Когда я пою, моя мама здорова. Ведь за закрытыми глазами у меня проносятся воспоминания, как она учила меня играть на рояле в нашей гостиной, залитой утренним солнцем.
Она всегда пела себе под нос, даже когда просто готовила завтрак. У нее был легкий, высокий голос – не сильный, но искренний, и именно он впервые заставил меня почувствовать музыку.
– Главное – не идеальные ноты, милая. Главное – чувствовать, – говорила она и нажимала на клавиши, будто доверяя им что-то тайное.
Мама уже почти год не поет. Иногда, когда я скучаю по ее жизненной энергии особенно сильно, мне кажется, что этот звук до сих пор проигрывается где-то в доме. Застрял между стен, прячется в щелях паркета, звучит в тишине, если прислушаться.
Приятное тепло разливается по венам – и это намного лучше, чем алкоголь, согревающий кровь. Я подавляю рвущуюся улыбку, сохраняя ее внутри себя. Сохраняя ее там, в воспоминаниях, где я счастлива.
Мурашки скользят по всему телу, заставляя меня резко распахнуть глаза. Как и в прошлый раз.
И как и в прошлый раз – на меня смотрит мужчина, обладающий каким-то даром. Дар смотреть внутрь меня, пока песня слетает с моих губ.
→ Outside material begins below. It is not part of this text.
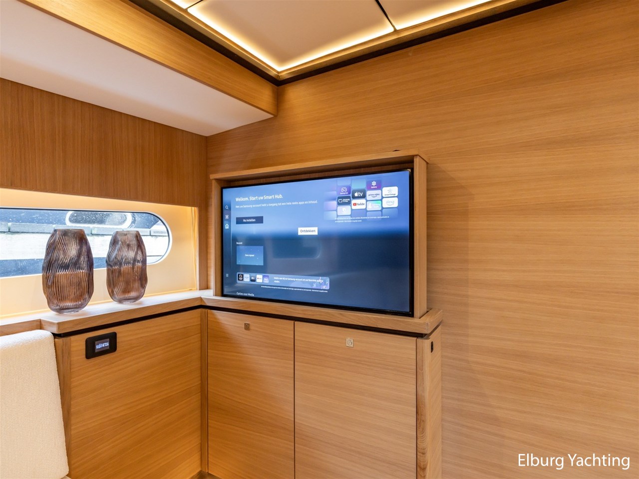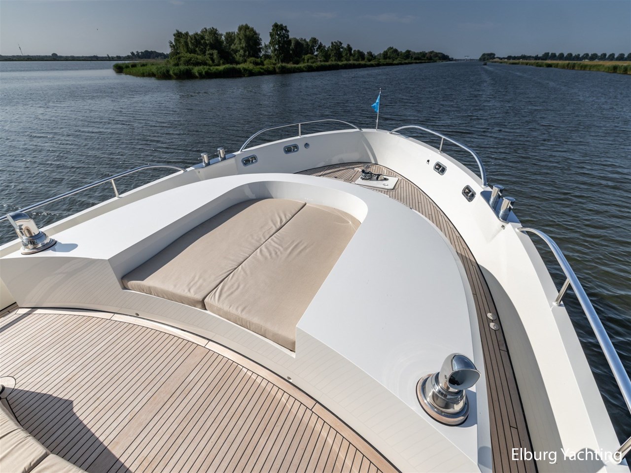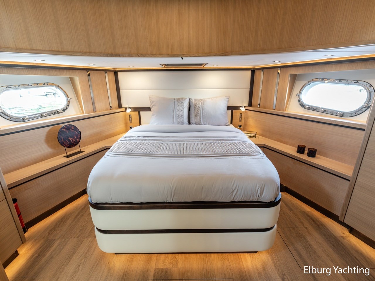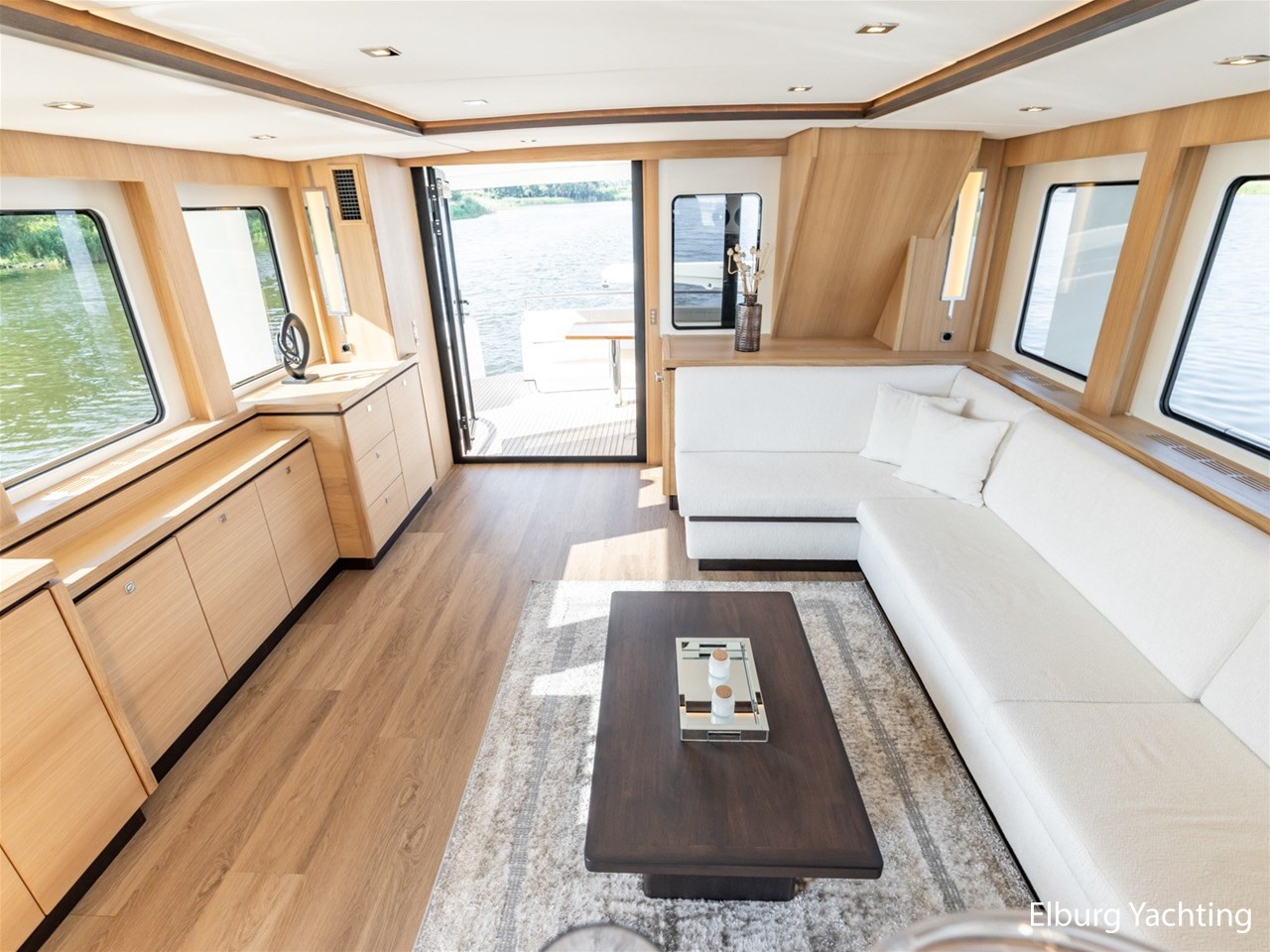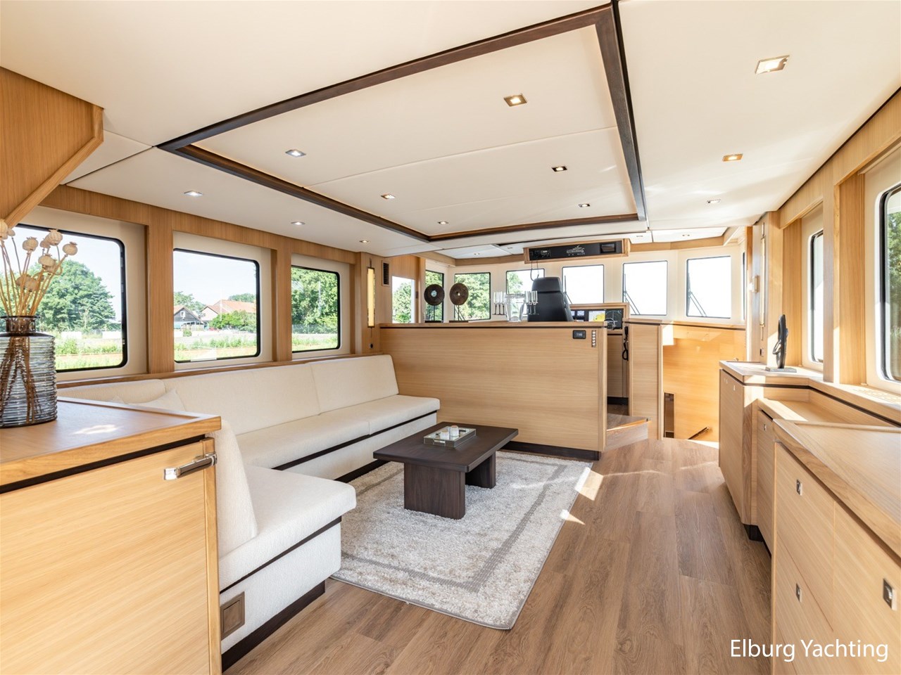 Aan boord valt direct het oog voor ruimte en design op. Het jacht is zeer ruimtelijk vormgegeven met veel hoogte (stahoogte salon ruim 2 meter). Het moderne eiken interieur in combinatie met de p.v.c. vloer (voorzien van vloerverwarming) is vakkundig tot stand gekomen en zorgt voor een aangename omgeving. Naast de centrale verwarming is het jacht voorzien van airconditioning in alle hutten, de salon en het stuurhuis. Het jacht beschikt over drie volwaardige hutten met in de eigenaarshut een ruim dubbel vrijstaand bed en on suite badkamer (lengte ca. 2 meter), aan bakboord twee enkele bedden (lengte ca. 2 meter) en aan stuurboord een ruim dubbel bed (lengte ca. 2 meter) + een enkel bed.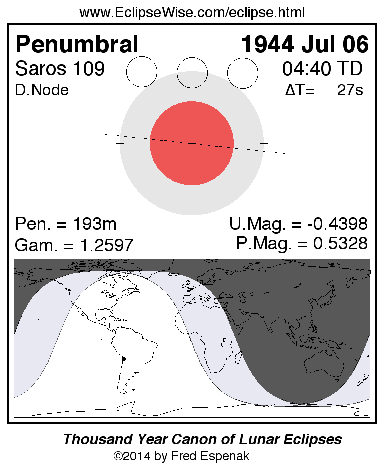 Penumbral Lunar Eclipse of 1944 Jul 06

Когда я беру последний аккорд и заканчиваю, мы с Томасом делаем синхронный вдох.
Я знаю, что он знает.
Он знает, что я знаю.
И этого «знаю» так много, что мы предпочитаем молчать. И делать вид, что не знаем.
Глава 4
Томас
Я всегда не понимал, почему Леди Баг и Супер-Кот настолько глупы, что не могут узнать друг друга в реальной жизни. Я имею в виду… они же просто надевают маски, прикрывающие глаза. Маринетт вечно кричит о любви к Адриану, но не может узнать его в проклятом костюме кота?
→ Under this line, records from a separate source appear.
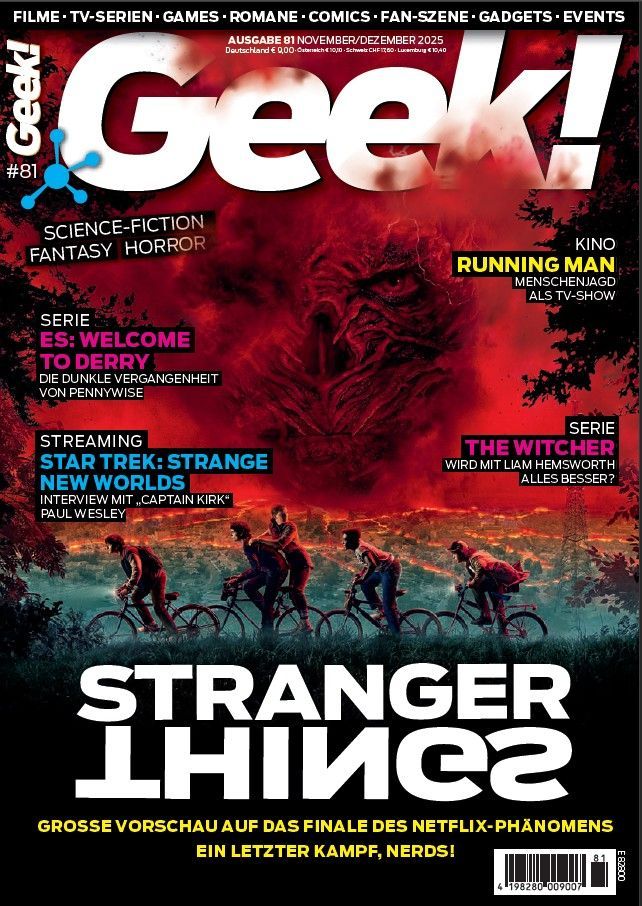 Heute ist die 81. Ausgabe der Geek! erschienen. Darin bringen wir eine große Vorschau auf die letzte Staffel von Stranger Things , sprechen mit "Captain Kirk" Paul Wesley aus Star Trek: Strange New Worlds , schauen mal, was uns in Running Man und The Witcher erwarten könnte, und stellen daneben natürlich jede Menge weitere Filme, Serien, Bücher, Comics und Games aller Art vor.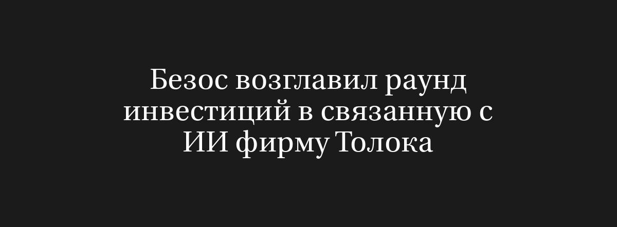 ЛОНДОН, 7 мая (Рейтер) – Инвестиционная компания Джеффа Безоса, Bezos Expeditions, возглавила проект, в рамках которого будет инвестировано $72 миллиона в компанию Толока, работающую в сфере разметки данных для обучения систем искусственного интеллекта, сообщила Толока агентству Рейтер в среду.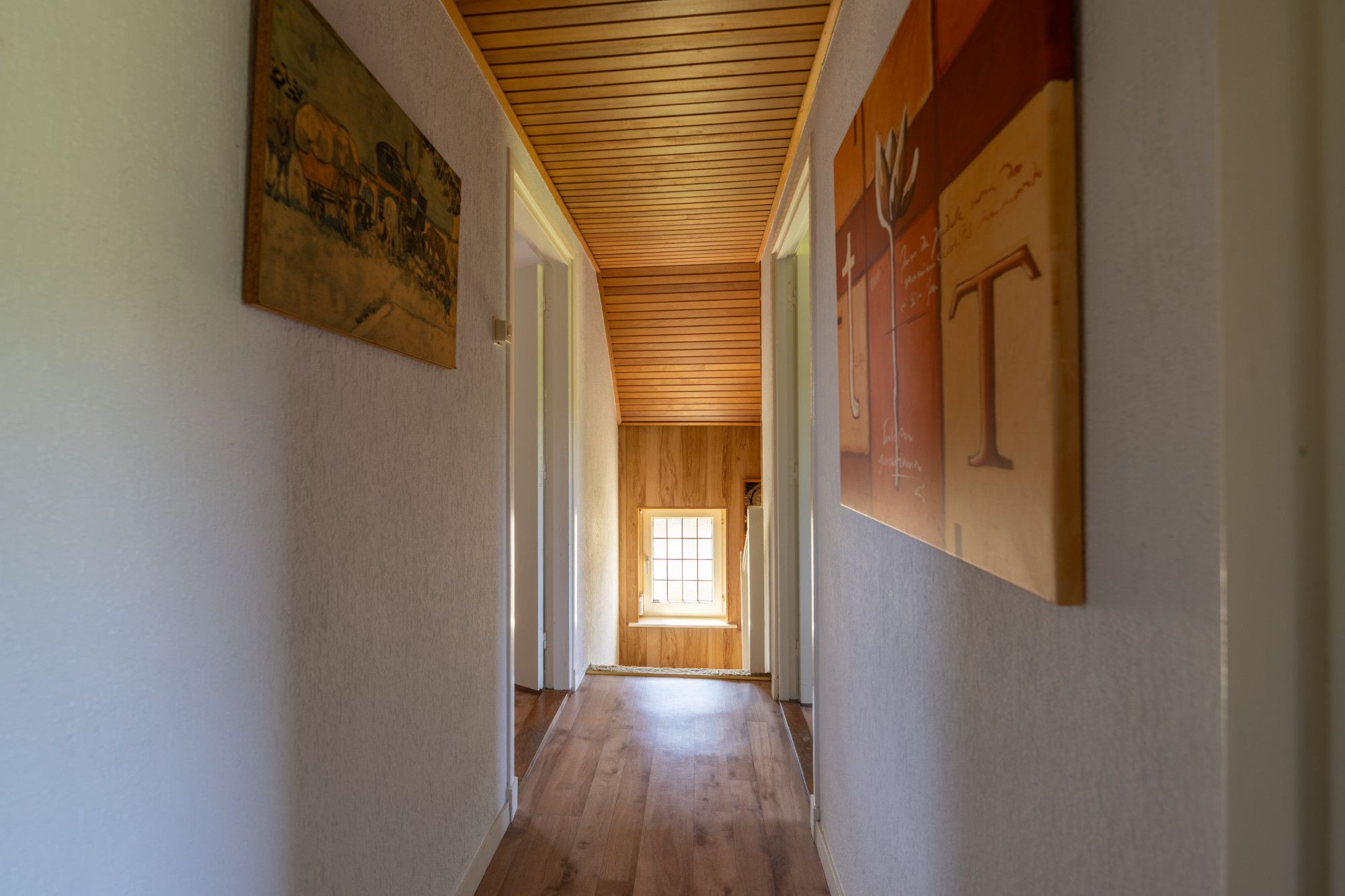 De overloop is voorzien van granolwanden, zeilvloer en houten schroten plafond. De slaapkamers zijn voorzien van vaste kasten, gestukte wanden en plafonds en zeilvloer.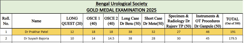 Gold Medal Examination 2025 was held on Saturday, 25th January 2025 at UROLOGY Seminar room, IPGMER&R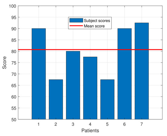 The SUS questionnaire score for the subjects ranged from 67.5 to 92.5, with an average score of 80.71 ± 9.79, indicating a high degree of acceptance by the patients. That score exceeds the average of 68, which, according to the SUS questionnaire standards, defines a tool as usable. Moreover, as defined in [14], a device with this score can be classified as “Excellent” in the acceptability range. Table 3 shows the average score for each question of the SUS questionnaire and Figure 7 presents a bar graph with the individual SUS score for each patient and the average one.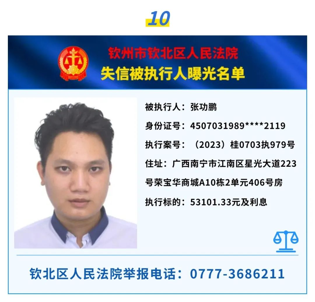 限以上被执行人自本通告发出之日起10日内自行或委托他人到钦州市钦北区人民法院执行局如实申报财产并履行生效法律文书所确定的义务。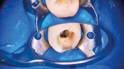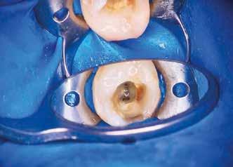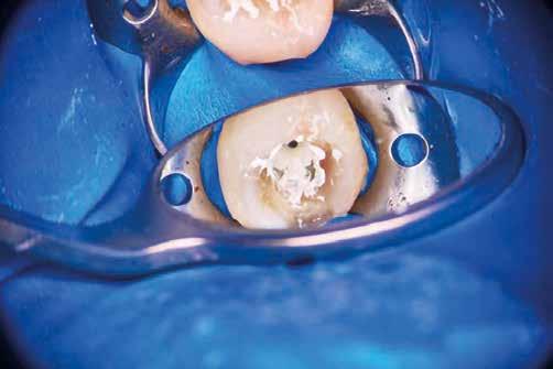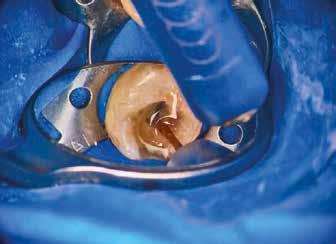 egyszerű obturációs technika, az anyag viszkozitási tulajdonságai és a pulpakamra viszonylag egyszerű tisztíthatósága a kezelésünk prognózisának veszélyeztetése nélkül teszi lehetővé az endodonciai beavatkozások lehető legkonzervatívabb módon történő kivitelezését. A bemutatott esetek ellátása során az Aurum Blue rendszert (Meta Biomed) használtuk a gyökércsatornák megmunkálására, míg a gyökértömés elkészítése során hideg hidraulikus kondenzációs technikát alkalmaztunk a kalcium-szilikát alapú CeraSeal (Meta Biomed) sealer felhasználásával (8. ábra).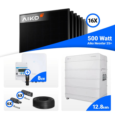 PV Komplettset 8 kWp – 16x AIKO 500W Full Black & Sungrow SH8.0RT mit Speicheroption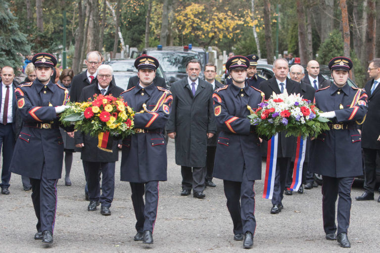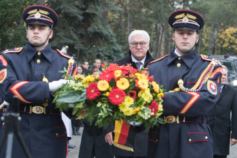 Prezident SR Andrej Kiska a nemecký spolkový prezident Frank-Walter Steinmeier počas kladenia vencov k pamätníku obetiam komunizmu na Cintoríne Vrakuňa pri príležitosti Dňa boja za slobodu a demokraciu. Bratislava, 17. november 2017. Foto: SITA/Ľudovít Vaniher.

Мы не будем выяснять, откуда я все это знаю.
Сосредоточимся на главном.
А главное заключается в том, что предчувствие не обмануло меня.
Что-то внутри подсказывало, что таинственная незнакомка в лучах синего света тем вечером – совсем не незнакомка. Это чувство было мимолетным. Но где-то на подсознательном уровне я понимал, что встречал ее раньше.
А ведь я даже никогда не был влюблен в Джемму, как Леди Баг в Супер-кота.
Мы просто всю жизнь провели, можно сказать, бок о бок. Ее лицо всегда было в поле моего зрения. Возможно, если бы я не подошел ближе к сцене, или ее голос не пробрал бы меня до костей, незнакомка так и осталась бы незнакомкой. Просто обнаженной поющей девушкой в баре, на которую, например, Нил, Марк и Люк лишь мельком обратили внимание.
Я гонял ее образ в голове несколько недель.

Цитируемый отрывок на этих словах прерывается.